____ DATA EXCERPTS

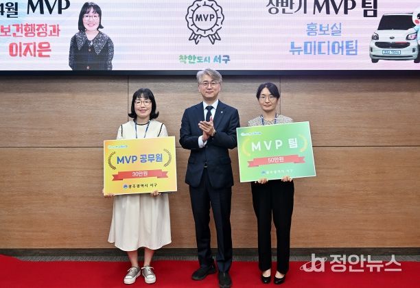 정안뉴스 박상욱 기자 | 광주광역시 서구가 2024년 상반기 MVP팀으로 홍보실 뉴미디어팀, 4월 MVP 공무원으로 보건행정과 이지은 의약관리팀장을 선정했다.
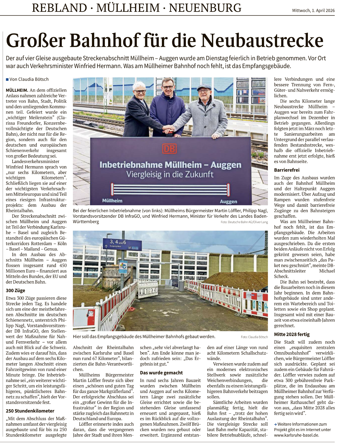Die Oberbadische 02.03.2026: Eine provisorische S-Bahn-Station wird es nicht geben: Bus soll S-Bahn-Ausbau überbrücken
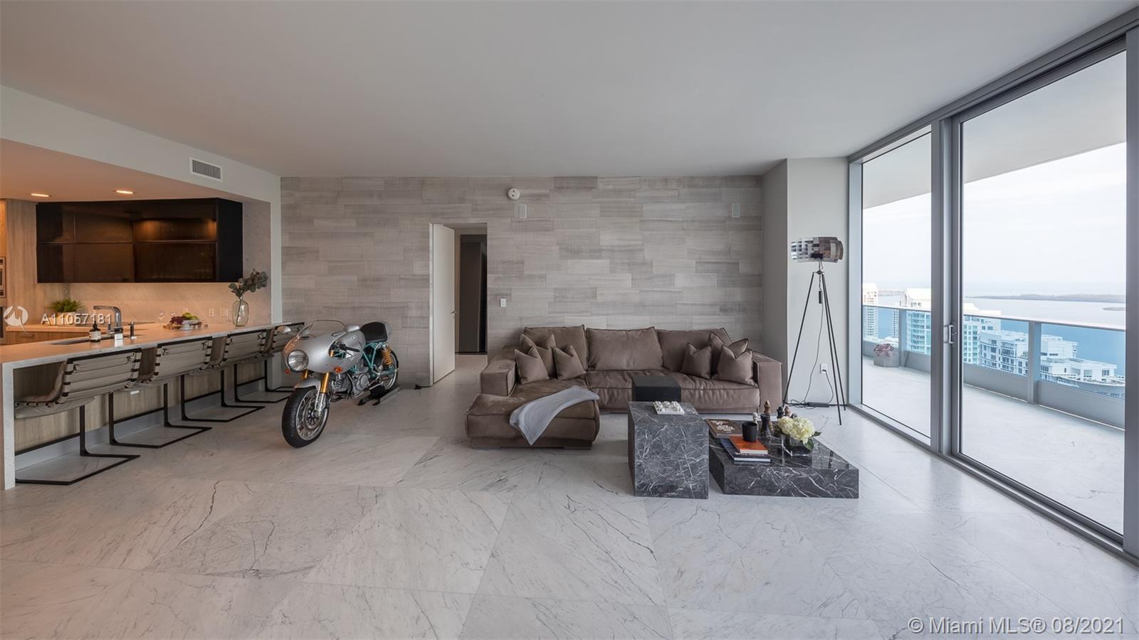 Very special and sophisticated 2 BD/2.5 BA with open water views has been customized beyond your expectations. Located on 51st floor and turnkey with a custom wine wall storage in den, tastefully upgraded with oversized 36" Italian Carrara floors, Pierro Lissoni designed Salvatori stone walls, Snaidero kitchen with Subzero & Miele appliances. New upgrades include a double vanity in the master bathroom, Creston Automated Smart Home System, Smart Lighting & A/C Control. The Epic is located at the epicenter of Brickell world-class shopping, dining and the best entertainment the city has to offer. The apartment is situated on the highly desirable '04' line with tall unobstructed water and skyline panoramas of Miami. Epic living means enjoying on-site first-class dining, SPA and amenities.
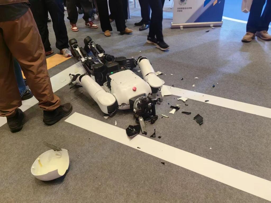 正当竞赛如火如荼,“嘭”的一声,一台正在测试行走能力的人形机器人重重摔倒在地,脑袋外壳瞬间碎裂,零件散落一地。
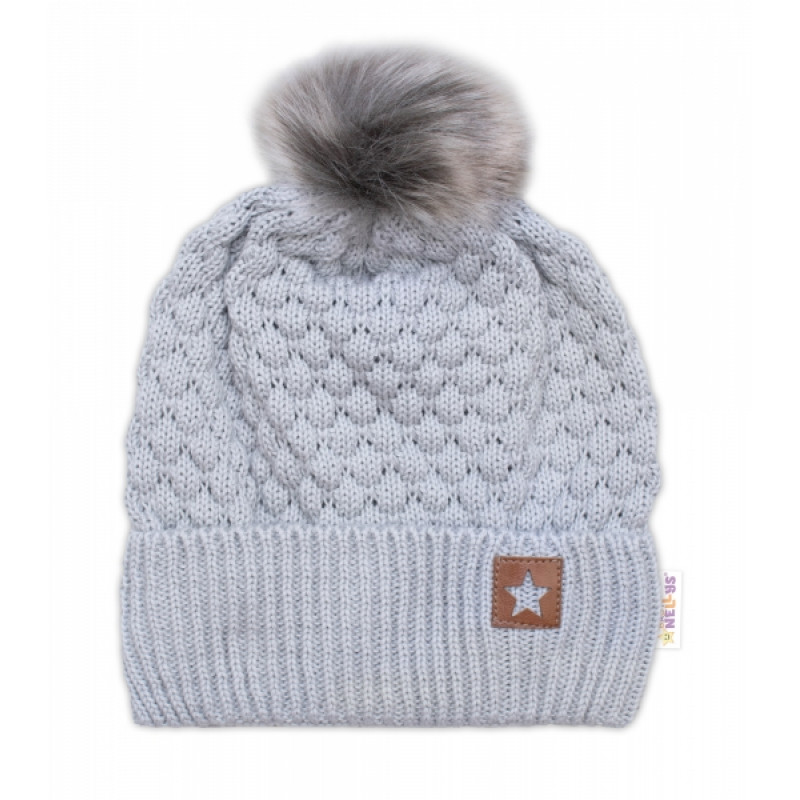 Zimná čiapka Star s chlpáčkovým brmbolcom - šedá

________

◆ THE TASK ◆
Exactly as written, reproduce the lines from the beginning of the material through the line with "Die Oberbadische 02.03.2026: Eine", and skip any picture.

◆ SOLUTION FOR THIS TASK ◆
 정안뉴스 박상욱 기자 | 광주광역시 서구가 2024년 상반기 MVP팀으로 홍보실 뉴미디어팀, 4월 MVP 공무원으로 보건행정과 이지은 의약관리팀장을 선정했다.
Die Oberbadische 02.03.2026: Eine provisorische S-Bahn-Station wird es nicht geben: Bus soll S-Bahn-Ausbau überbrücken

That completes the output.